═══ RECORDED INFORMATION ═══

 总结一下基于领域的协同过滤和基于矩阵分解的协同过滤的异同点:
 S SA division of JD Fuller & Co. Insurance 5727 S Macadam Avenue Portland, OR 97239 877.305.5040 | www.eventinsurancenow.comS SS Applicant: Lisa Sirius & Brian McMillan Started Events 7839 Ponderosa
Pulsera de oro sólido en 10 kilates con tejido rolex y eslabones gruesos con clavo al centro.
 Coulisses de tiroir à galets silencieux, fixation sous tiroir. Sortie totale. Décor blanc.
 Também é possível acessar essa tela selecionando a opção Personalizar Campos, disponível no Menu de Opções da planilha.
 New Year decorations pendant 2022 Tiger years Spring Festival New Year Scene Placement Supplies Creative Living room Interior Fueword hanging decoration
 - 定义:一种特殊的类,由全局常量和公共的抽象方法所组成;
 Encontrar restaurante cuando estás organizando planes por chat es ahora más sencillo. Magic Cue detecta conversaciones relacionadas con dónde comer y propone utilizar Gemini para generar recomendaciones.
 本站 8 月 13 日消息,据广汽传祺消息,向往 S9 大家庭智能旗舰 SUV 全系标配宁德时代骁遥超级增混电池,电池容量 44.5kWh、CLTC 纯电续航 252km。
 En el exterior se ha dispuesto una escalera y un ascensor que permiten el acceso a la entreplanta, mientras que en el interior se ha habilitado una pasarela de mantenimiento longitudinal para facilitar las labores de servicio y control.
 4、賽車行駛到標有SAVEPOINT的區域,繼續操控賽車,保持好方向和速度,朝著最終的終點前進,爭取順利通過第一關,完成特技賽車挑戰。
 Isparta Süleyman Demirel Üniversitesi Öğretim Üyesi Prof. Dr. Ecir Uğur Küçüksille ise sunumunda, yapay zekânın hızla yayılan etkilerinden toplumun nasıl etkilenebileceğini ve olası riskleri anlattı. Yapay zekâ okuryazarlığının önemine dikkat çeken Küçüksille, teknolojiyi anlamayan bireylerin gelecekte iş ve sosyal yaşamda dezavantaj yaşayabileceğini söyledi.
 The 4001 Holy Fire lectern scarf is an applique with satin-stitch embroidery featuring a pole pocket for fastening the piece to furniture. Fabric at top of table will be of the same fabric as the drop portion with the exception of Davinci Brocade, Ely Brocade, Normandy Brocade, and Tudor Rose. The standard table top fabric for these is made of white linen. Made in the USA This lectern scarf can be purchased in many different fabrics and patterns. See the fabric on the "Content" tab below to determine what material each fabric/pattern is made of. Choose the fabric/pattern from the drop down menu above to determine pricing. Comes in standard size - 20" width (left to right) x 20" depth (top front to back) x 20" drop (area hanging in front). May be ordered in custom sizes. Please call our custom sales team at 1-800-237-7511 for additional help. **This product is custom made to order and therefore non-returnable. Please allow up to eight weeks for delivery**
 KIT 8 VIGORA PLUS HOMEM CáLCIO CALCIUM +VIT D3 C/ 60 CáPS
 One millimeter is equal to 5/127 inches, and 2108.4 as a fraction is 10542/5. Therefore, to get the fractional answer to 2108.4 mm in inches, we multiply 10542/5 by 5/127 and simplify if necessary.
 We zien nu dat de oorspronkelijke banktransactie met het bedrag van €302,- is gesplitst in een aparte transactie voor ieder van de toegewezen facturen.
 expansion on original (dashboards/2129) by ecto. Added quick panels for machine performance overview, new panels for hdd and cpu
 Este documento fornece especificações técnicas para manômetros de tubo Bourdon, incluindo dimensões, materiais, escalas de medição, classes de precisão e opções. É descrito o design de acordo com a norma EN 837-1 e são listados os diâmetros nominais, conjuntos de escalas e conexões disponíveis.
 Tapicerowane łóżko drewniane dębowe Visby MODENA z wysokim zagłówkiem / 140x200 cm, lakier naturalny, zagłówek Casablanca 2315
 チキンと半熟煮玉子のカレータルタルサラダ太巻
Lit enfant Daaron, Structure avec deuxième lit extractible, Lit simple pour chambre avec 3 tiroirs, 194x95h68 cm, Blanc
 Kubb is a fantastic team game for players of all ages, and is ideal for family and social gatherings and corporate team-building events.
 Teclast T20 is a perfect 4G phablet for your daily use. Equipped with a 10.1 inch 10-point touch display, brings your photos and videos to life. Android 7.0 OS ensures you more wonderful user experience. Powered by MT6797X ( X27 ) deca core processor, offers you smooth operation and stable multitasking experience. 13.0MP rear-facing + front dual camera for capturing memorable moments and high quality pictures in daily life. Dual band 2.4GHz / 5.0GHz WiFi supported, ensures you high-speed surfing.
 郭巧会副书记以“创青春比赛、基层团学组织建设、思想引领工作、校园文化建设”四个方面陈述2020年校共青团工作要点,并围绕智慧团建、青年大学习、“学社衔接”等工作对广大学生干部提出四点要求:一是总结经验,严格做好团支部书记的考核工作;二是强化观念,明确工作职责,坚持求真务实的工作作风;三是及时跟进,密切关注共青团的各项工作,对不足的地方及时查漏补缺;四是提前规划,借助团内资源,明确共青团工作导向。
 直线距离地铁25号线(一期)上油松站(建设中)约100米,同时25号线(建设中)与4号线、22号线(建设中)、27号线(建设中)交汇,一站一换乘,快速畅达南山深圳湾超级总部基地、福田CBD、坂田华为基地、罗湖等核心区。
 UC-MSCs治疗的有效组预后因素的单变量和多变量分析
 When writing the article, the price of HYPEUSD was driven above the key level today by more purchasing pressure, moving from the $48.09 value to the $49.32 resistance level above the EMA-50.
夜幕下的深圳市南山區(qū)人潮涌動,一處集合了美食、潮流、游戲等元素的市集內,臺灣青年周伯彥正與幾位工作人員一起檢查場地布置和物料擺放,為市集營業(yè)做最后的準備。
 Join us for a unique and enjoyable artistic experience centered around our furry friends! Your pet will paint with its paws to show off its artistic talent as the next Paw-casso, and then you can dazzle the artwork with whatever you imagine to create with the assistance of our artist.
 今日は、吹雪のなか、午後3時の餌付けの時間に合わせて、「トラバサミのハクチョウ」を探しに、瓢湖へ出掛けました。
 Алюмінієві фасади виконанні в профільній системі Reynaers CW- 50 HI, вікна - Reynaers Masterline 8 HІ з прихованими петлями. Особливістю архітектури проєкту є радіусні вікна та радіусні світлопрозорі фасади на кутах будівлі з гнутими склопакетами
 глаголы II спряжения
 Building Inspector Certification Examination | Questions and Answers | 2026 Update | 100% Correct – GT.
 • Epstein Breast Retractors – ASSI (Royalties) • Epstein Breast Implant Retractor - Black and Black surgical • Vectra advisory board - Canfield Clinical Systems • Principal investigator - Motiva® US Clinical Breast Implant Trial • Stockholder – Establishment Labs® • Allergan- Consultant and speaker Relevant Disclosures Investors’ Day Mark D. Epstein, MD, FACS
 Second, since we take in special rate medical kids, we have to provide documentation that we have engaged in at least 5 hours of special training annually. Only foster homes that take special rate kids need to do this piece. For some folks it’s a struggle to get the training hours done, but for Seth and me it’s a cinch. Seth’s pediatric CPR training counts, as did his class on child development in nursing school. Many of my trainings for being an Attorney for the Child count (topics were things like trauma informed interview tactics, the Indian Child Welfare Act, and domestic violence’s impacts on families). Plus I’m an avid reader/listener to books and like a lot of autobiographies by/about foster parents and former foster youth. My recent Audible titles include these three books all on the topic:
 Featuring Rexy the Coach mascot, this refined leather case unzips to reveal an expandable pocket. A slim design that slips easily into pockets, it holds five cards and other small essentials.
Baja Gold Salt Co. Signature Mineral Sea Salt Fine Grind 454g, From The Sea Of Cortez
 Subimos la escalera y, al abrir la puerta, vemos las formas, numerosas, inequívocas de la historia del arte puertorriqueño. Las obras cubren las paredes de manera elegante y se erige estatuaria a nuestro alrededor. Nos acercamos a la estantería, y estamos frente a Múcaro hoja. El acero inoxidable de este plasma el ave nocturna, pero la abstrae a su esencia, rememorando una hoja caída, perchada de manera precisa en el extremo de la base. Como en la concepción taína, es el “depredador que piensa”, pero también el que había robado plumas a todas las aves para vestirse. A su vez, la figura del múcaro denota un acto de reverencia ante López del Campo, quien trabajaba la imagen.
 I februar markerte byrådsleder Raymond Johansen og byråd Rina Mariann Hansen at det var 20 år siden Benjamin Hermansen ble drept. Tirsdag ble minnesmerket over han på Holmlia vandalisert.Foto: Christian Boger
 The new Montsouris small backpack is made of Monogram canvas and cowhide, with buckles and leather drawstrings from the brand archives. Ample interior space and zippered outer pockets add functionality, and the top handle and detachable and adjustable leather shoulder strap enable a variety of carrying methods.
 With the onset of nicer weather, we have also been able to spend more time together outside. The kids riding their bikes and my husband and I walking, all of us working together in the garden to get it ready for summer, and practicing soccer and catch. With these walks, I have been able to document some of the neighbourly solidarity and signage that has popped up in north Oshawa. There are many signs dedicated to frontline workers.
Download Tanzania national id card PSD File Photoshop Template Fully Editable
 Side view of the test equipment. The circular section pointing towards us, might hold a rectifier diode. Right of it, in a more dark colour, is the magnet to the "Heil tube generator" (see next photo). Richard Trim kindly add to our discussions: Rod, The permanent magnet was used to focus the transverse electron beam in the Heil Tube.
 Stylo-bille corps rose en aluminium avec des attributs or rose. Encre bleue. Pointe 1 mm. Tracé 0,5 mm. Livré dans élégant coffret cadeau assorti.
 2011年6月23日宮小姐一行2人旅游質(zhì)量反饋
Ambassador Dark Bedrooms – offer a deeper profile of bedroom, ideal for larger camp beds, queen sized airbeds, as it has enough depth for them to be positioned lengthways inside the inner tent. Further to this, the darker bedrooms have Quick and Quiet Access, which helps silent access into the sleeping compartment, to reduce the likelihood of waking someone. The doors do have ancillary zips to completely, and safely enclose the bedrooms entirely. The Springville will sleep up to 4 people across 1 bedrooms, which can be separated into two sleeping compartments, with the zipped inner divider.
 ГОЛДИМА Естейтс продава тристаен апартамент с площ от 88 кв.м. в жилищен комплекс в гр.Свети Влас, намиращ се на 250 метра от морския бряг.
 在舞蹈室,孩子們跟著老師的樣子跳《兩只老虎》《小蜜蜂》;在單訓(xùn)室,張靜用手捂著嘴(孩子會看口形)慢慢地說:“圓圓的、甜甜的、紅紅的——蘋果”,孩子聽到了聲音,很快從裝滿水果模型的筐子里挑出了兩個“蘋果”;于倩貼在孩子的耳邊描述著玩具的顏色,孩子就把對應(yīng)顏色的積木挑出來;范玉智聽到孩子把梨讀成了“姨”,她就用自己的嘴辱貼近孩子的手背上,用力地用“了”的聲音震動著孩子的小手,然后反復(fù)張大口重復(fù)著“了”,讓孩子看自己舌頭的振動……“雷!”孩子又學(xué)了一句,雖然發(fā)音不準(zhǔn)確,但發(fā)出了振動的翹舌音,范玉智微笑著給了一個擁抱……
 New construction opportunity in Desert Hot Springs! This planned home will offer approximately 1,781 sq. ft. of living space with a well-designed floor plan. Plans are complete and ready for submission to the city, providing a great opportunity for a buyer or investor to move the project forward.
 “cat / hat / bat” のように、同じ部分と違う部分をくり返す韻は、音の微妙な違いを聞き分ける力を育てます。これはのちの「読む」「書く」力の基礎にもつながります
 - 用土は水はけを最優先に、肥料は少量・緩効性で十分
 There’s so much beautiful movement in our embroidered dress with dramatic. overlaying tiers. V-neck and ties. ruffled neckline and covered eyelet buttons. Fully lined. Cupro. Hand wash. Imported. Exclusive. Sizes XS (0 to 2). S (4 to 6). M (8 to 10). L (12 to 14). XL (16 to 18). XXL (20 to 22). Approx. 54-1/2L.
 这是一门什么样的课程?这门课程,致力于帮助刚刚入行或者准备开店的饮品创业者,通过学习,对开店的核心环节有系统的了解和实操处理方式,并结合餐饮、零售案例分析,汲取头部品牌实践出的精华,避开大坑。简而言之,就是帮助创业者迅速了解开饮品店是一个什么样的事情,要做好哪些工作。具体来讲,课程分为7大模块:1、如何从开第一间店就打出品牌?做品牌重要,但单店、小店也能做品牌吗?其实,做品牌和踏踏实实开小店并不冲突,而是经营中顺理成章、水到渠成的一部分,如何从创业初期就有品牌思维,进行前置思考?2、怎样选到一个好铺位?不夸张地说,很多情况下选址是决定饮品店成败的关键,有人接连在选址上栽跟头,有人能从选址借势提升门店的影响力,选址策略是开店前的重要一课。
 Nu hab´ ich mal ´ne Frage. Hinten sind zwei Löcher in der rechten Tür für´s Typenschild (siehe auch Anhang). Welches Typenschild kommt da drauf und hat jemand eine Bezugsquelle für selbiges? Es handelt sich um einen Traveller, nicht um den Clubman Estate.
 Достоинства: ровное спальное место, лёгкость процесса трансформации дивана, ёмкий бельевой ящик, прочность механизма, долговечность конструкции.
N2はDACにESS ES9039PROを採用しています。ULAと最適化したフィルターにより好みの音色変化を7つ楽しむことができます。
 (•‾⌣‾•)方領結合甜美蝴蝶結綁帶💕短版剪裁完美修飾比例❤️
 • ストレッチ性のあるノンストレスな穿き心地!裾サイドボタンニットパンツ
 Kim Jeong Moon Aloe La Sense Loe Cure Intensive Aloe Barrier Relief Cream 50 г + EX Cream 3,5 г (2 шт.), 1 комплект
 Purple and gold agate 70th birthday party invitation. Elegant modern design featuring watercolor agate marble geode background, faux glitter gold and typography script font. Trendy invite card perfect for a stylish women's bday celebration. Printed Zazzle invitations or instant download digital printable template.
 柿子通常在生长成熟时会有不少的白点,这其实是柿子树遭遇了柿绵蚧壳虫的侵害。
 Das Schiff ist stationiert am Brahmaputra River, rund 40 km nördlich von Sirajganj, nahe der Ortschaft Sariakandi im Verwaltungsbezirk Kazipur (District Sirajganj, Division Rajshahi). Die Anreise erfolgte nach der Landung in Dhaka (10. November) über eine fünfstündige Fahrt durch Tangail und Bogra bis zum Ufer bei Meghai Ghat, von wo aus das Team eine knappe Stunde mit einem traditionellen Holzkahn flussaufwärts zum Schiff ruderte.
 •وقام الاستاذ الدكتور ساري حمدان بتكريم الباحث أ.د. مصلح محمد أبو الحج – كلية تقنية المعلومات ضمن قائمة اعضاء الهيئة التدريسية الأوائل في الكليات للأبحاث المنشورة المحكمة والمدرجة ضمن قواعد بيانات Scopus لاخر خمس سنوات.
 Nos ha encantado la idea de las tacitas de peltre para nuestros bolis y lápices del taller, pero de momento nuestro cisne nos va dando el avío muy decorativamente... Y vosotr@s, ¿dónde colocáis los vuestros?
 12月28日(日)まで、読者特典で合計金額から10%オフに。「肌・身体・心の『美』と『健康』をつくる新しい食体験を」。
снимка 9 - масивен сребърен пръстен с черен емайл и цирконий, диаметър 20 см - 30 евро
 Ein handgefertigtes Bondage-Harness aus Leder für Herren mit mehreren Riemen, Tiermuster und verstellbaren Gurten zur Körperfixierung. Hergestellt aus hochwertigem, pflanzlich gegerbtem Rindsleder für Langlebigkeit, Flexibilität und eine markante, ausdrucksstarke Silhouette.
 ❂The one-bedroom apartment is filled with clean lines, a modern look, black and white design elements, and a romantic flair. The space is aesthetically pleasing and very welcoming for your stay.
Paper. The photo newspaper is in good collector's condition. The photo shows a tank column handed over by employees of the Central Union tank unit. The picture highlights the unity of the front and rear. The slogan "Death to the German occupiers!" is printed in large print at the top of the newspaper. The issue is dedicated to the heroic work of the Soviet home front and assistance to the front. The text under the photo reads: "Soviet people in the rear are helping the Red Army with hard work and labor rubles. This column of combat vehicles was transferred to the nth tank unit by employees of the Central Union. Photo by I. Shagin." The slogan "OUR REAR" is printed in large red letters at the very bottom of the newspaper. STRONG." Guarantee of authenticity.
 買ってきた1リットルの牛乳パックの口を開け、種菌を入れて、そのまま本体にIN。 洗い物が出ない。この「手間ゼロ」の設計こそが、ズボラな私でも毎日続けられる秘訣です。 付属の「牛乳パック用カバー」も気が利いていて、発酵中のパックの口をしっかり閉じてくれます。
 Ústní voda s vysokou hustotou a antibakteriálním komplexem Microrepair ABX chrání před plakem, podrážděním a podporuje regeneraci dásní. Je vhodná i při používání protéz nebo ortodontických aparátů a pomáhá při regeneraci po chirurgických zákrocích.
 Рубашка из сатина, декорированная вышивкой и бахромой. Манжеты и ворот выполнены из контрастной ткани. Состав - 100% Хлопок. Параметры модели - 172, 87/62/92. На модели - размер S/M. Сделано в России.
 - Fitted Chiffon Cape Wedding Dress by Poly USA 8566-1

═══

* WORK INSTRUCTIONS: Wherever the string "modern" occurs in the data, copy the line that holds it.

* YOUR RESPONSE:
 Purple and gold agate 70th birthday party invitation. Elegant modern design featuring watercolor agate marble geode background, faux glitter gold and typography script font. Trendy invite card perfect for a stylish women's bday celebration. Printed Zazzle invitations or instant download digital printable template.
 ❂The one-bedroom apartment is filled with clean lines, a modern look, black and white design elements, and a romantic flair. The space is aesthetically pleasing and very welcoming for your stay.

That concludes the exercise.